Merge two sorted arrays in place, with nums1 sized large enough to hold both. Coinbase asks this because in-place merges show up everywhere in matching engines — the destination buffer is already allocated.

By Alex Chen, Founder, InterviewChamp.AI · Last verified

Source citations

Public interview reports confirming this problem appears in Coinbase loops.
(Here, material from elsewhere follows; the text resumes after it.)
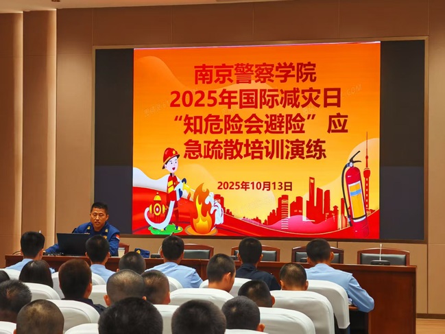 10月13日是第36个国际减灾日,主题是“投资韧性建设,提升防灾减灾能力”。为切实普及防灾减灾知识,进一步提高师生风险防范意识与自救互救能力,13日下午,学院邀请栖霞区消防救援大队教官包富在学院报告厅开展“知危险会避险”专题培训与应急疏散演练。2025级各区队区队长、团支部书记、警体委员和学院消防快速处置队队员、部分教师及保卫处工作人员共计200余人参加培训演练。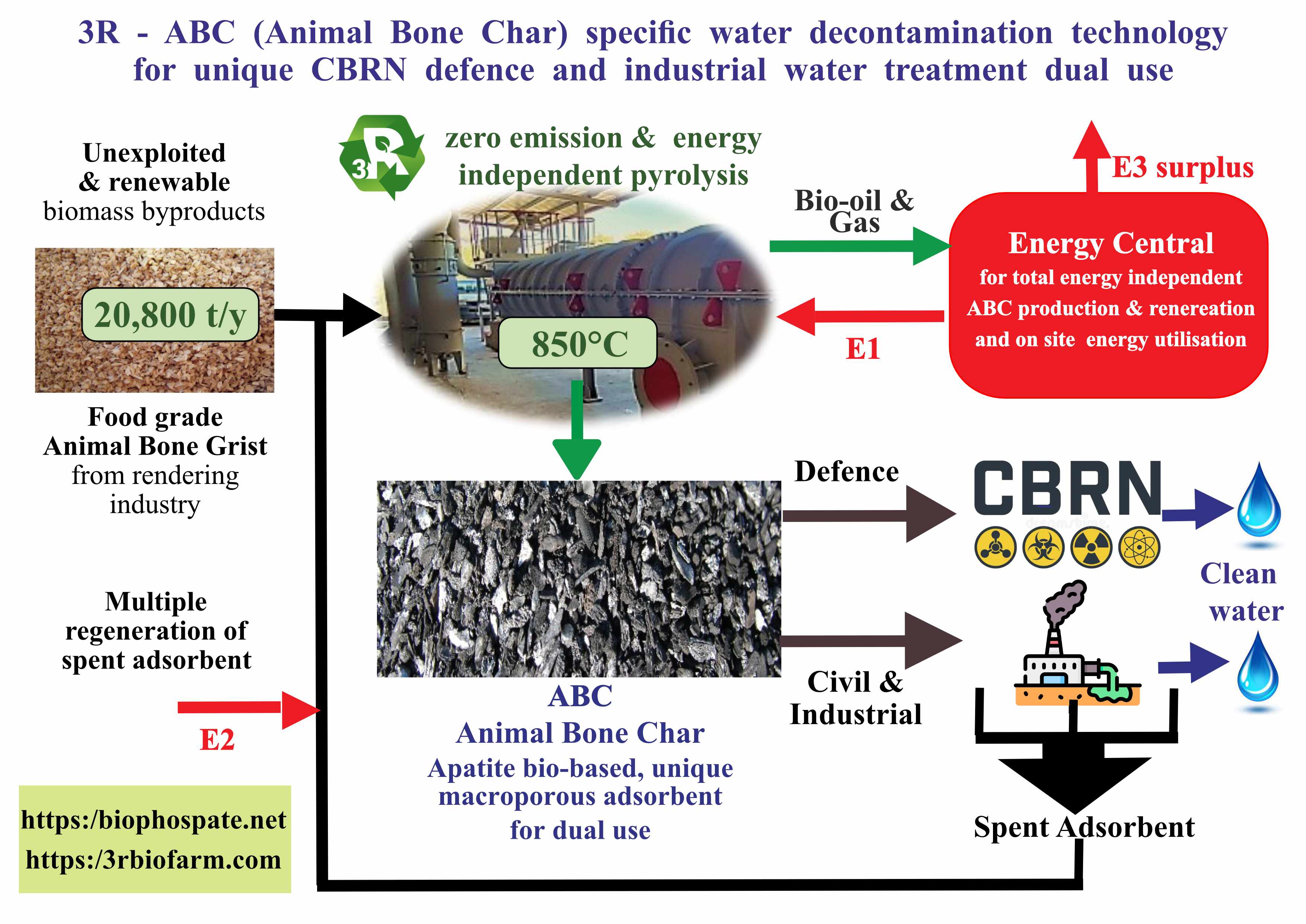 The 3R-engineered ABC Animal Bone Char (BioPhosphate) is a next-generation, bio-based green adsorbent made from food-grade animal bone meal. Through the zero-emission, chemical-free 3R process at 850 °C, it achieves an advanced macroporous structure that makes it significantly more effective than conventional coal- or coconut-based activated carbons.

  • Glassdoor (2026-Q1)Coinbase backend phone-screen warm-up.
  • Blind (2025-08)Frequently follows with 'merge price ladders from two venues'.

Problem

You are given two integer arrays nums1 and nums2, sorted in non-decreasing order, and two integers m and n, representing the number of elements in nums1 and nums2 respectively. Merge nums1 and nums2 into a single array sorted in non-decreasing order. The final sorted array should be stored inside nums1. To accommodate this, nums1 has a length of m + n.

Constraints

  • nums1.length == m + n
  • nums2.length == n
  • 0 <= m, n <= 200
  • 1 <= m + n <= 200

Examples

Example 1

Input
nums1 = [1,2,3,0,0,0], m = 3, nums2 = [2,5,6], n = 3
Output
[1,2,2,3,5,6]

Example 2

Input
nums1 = [1], m = 1, nums2 = [], n = 0
Output
[1]

Approaches

1. Copy nums2 into nums1 then sort

Splice nums2 into the trailing zeros, call sort.

Time
O((m+n) log(m+n))
Space
O(1)
function merge(nums1, m, nums2, n) {
  for (let i = 0; i < n; i++) nums1[m + i] = nums2[i];
  nums1.sort((a, b) => a - b);
}

Tradeoff: Throws away the sorted-input invariant. Easy to write, wrong choice in interviews.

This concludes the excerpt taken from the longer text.